Golden Onion Dome Proposal
||The Dome symposium was created through an application by the City of Winooski to the Federal Government. The thought was to put a dome over the entire city of Winooski. Interest rose from many areas including the press, dome manufacturers, scientists, and citizens. On March 26 and 27, 1980 the symposium was held to determine if Federal funding would allow the project to ensue. The idea of the Golden Onion Dome was to take a different approach on energy conservation and determine if a city wide dome was a practical concept. Not only would this greatly effect the city of Winooksi's energy consumption and climate but also greatly impact community life in many ways.|
Many prominent people spoke on behalf of the Dome proposal including Dr. Dominique P.Casavant, Dr. Edward L. Henry, R. Buckminster Fuller, Lora Spiller, Thomas Zung, Roy Hall, Ernest Schaefer and Wendel R. Wendel. These people, coming from many different areas of expertise involving the Dome idea, spoke of the project with great enthusiasm. R. Buckminster Fuller, an architect and the person to put up the first geodisic dome stated "In a time of growing population and dwindling resources, especially energy, it is incumbent upon technology to dedicate itself to provide mankind with the means of sheltering himself from the elements with the least amount of materials and resources. Domes are inherently capable of achieving this end, and in particular with the use of the tensigrity principle and with the development of materials that have increasing amounts of strength to mass ratio, the project to dome Winooski is a feasible practicality."

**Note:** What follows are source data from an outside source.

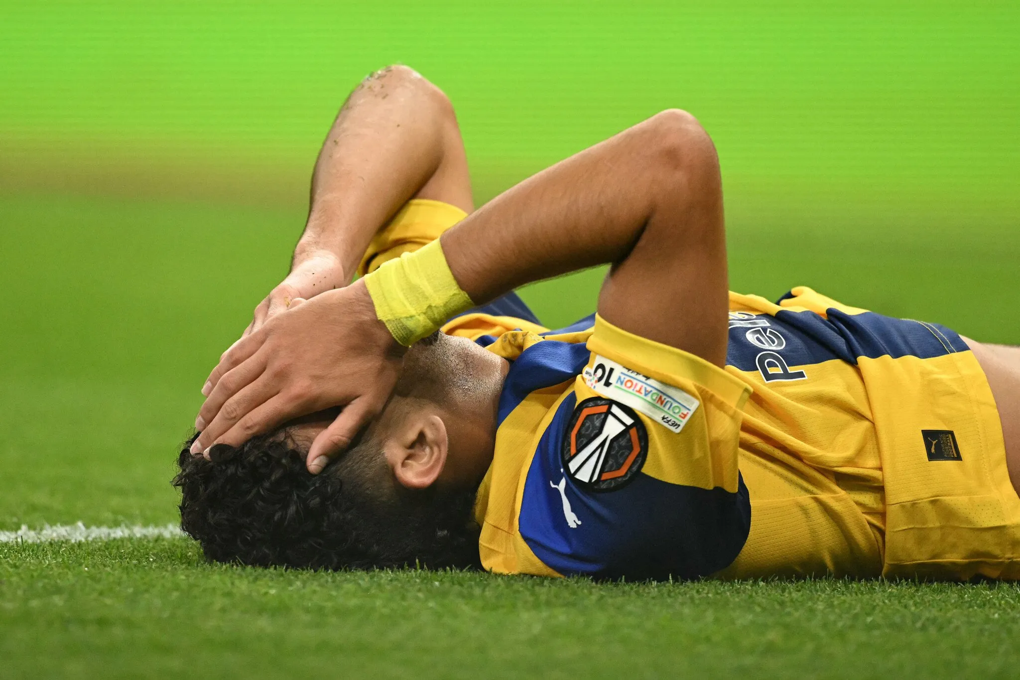 El defensa israelí del Maccabi Tel Aviv, Roy Revivo, cae lesionado durante el partido de fútbol de la fase de la UEFA Europa League entre Aston Villa y Maccabi Tel Aviv en Villa Park en Birmingham el 6 de noviembre de 2025. (Foto de Oli SCARFF / AFP)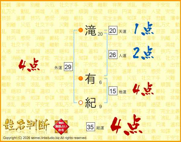 滝有紀さんの総運は35画の4点!
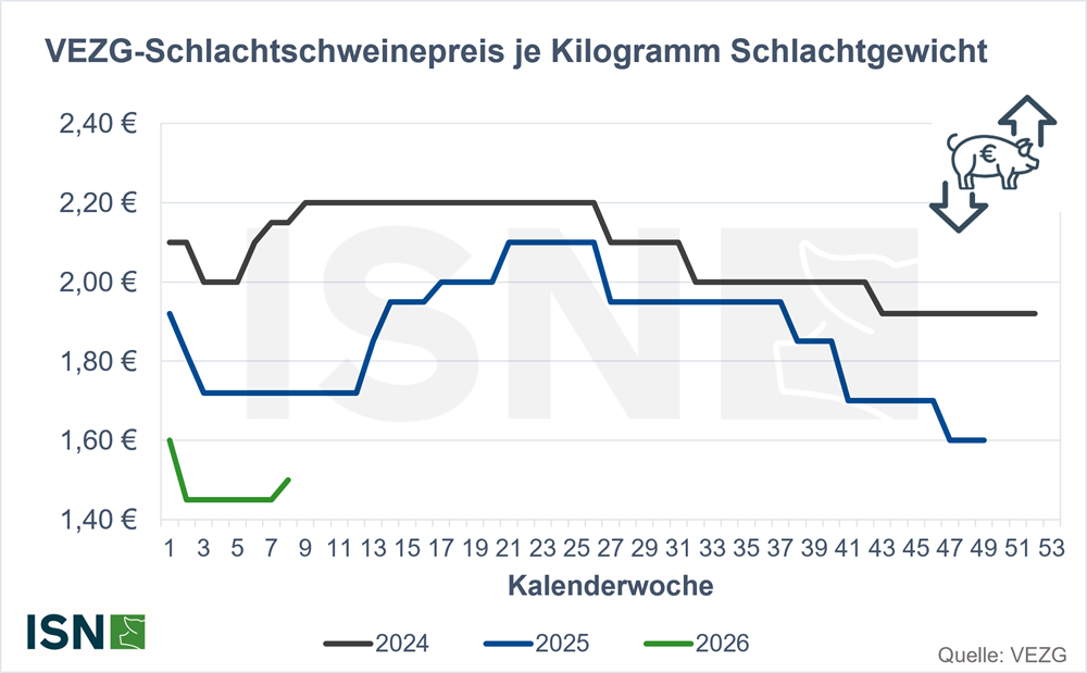 Am heutigen Mittwoch wurde die Notierung der Vereinigung der Erzeugergemeinschaften für Vieh und Fleisch (VEZG) um 5 Cent auf 1,50 €/kg SG angehoben. Damit spiegelt sich die zuletzt freundlichere Tendenz am Schlachtschweinemarkt nun auch in der Preisfindung wider. Wenngleich die Kostendeckung noch längst nicht erreicht ist, ist dies ein erster wichtiger Schritt für die Schweinehalter, um nach einer längeren Phase wirtschaftlicher Belastung wieder Perspektive zu gewinnen.

photo courtesy of International Dome Symposium
Along with many other enthusiastic presentations, during the symposium, there were also those who criticized the idea. Among others, Douglas Taff and John Effenberger had arguments against the innovative project. Effenberger stated "The evolution of fabric structured is described with a discussion of the energy performance of some existing fabric structures detailed. It is pointed out that certain fabrics do well in warm climates, fabrics for cold climates are not so well advanced."
Towards the end of the symposium selected respondents stated why they agreed or disagreed with the Dome project. Mark Tigan, Executive Director of Community Development Winooski, Vermont, made the closing remarks. A few statements of his conclusion are as follows.
"I view what has been said in a way which is not unbiased, but rather biased toward domes. The symposium brought into better focus the issues associated with domes. It really sharpened the points of controversy and placed in a better context the role that today's domes can be expected to play. This concept is not on the extreme side but certainly poses itself on the edge of innovation. It has been made clear that the role of domes will change with the availability and affordability of energy, and that is a rather straight-forward application of the supply demand curve...To summarize the arguments pro-dome today: Domes can be energy exporters, depending on their management. Domes allow for climate control. Some people view that as an argument against, but on the whole I think it generally would be viewed favorably. Domes would result in savings on internal structure maintenance, Structures within the domes, not subject to the extremes of the weather could be constructed out of less rigorous materials. Other kinds of construction such as streets and walk-ways, would also last much longer. Domes ass net usable space to the communities because they allow for use of rooftops for gardens and such. Because this is new construction, domes would benefit the construction business by providing jobs. These would be like the construction of the pyramids except that it would not be dome with slave labor. They would result in the reduction of automobile usage, the effect being a net savings in non-renewable energy supplies."
The Golden Onion Dome obviously did not occur, but as you can see from a brief sample of what was discussed during the symposium, there may be a possibility that this issue will come up again in the future.